An obvious objection to that last sentence is that the mathematics preprints were in fact peer-reviewed. They may not have been sent to referees by the editor of a journal, but they certainly were carefully scrutinized by peers of the authors. So to avoid any confusion, let me use the phrase “formal peer review” for the kind that is organized by a journal and “informal peer review” for the less official scrutiny that is carried out whenever an academic reads an article and comes to some sort of judgement on it. My aim here is to question whether we need formal peer review. It goes without saying that peer review in some form is essential, but it is much less obvious that it needs to be organized in the way it usually is today, or even that it needs to be organized at all.
What would the world be like without formal peer review? One can get some idea by looking at what the world is already like for many mathematicians. These days, the arXiv is how we disseminate our work, and the arXiv is how we establish priority. A typical pattern is to post a preprint to the arXiv, wait for feedback from other mathematicians who might be interested, post a revised version of the preprint, and send the revised version to a journal. The time between submitting a paper to a journal and its appearing is often a year or two, so by the time it appears in print, it has already been thoroughly assimilated.
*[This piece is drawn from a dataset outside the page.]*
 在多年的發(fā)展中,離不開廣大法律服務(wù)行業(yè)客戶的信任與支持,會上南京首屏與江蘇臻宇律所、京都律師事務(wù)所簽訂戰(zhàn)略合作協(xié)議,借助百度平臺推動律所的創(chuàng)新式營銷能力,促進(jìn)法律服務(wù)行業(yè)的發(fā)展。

Furthermore, looking a paper up on the arXiv is much simpler than grappling with most journal websites, so even after publication it is often the arXiv preprint that is read and not the journal’s formatted version. Thus, in mathematics at least, journals have become almost irrelevant: their main purpose is to provide a stamp of approval, and even then one that gives only an imprecise and unreliable indication of how good a paper actually is….
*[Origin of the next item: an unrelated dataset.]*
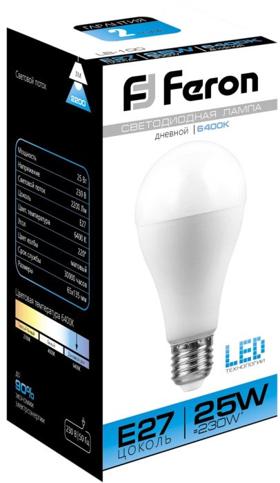 Станьте первым, кто оставит отзыв о товаре Лампа светодиодная Feron E27 25W 6400K Шар Матовая LB-100 25792.
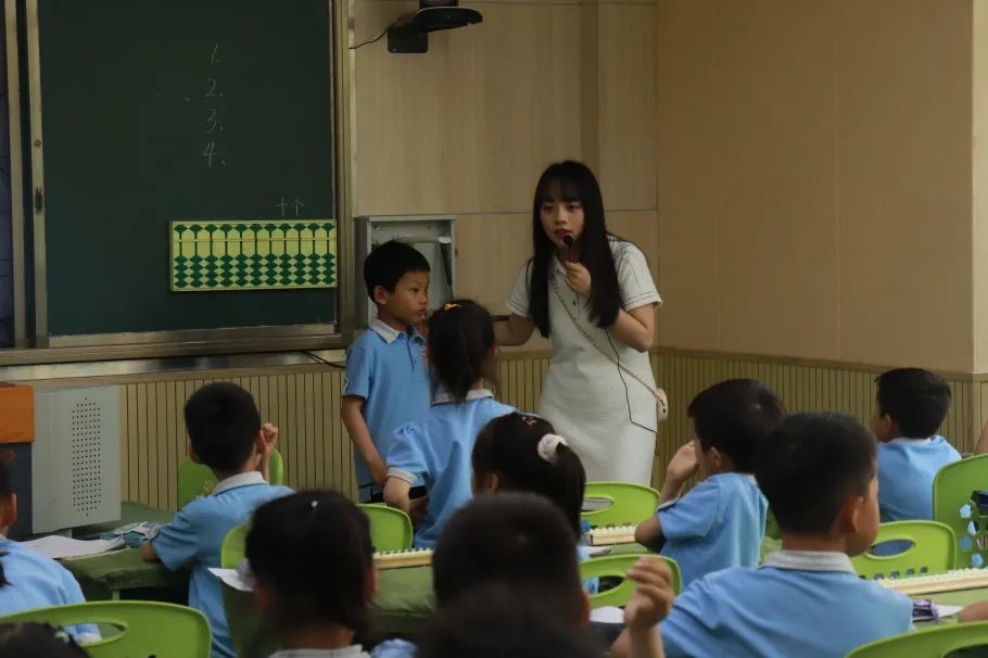 杨心玥老师执教的是《100以内的进位加(2)》一课,她以“超市小管家”生活情境引入这节课的教学,将数学思维训练融入角色扮演。她创设“兔子一家采购日”情境,让学生化身收银员计算胡萝卜面包价格。课堂中,学生通过“看珠说数”基本功唤醒已有认知,在“盲盒大抽取”游戏中自主探索进位规律。杨老师独具匠心地设计“珠算小诊所”环节,学生两两一组互相检验拨珠过程,在纠错中深化对“满十进一”的理解。当学生探究到29+25与25+29这两道算式时,杨老师引导学生比较这两个算式的结果和拨珠过程,将学生思维引向纵深。这堂课让学生在生活场景中培育了数学智慧,在互动纠错中提升了计算能力。

An alternative system would almost certainly not be perfect, but to insist on perfection, given the imperfections of the current system, is nothing but status quo bias. To guard against this, imagine that an alternative system were fully established and see whether you can mount a convincing argument for switching to what we have now, where all the valuable commentary would be hidden away and we would have to pay large sums of money to read each other’s writings. You would be laughed out of court.”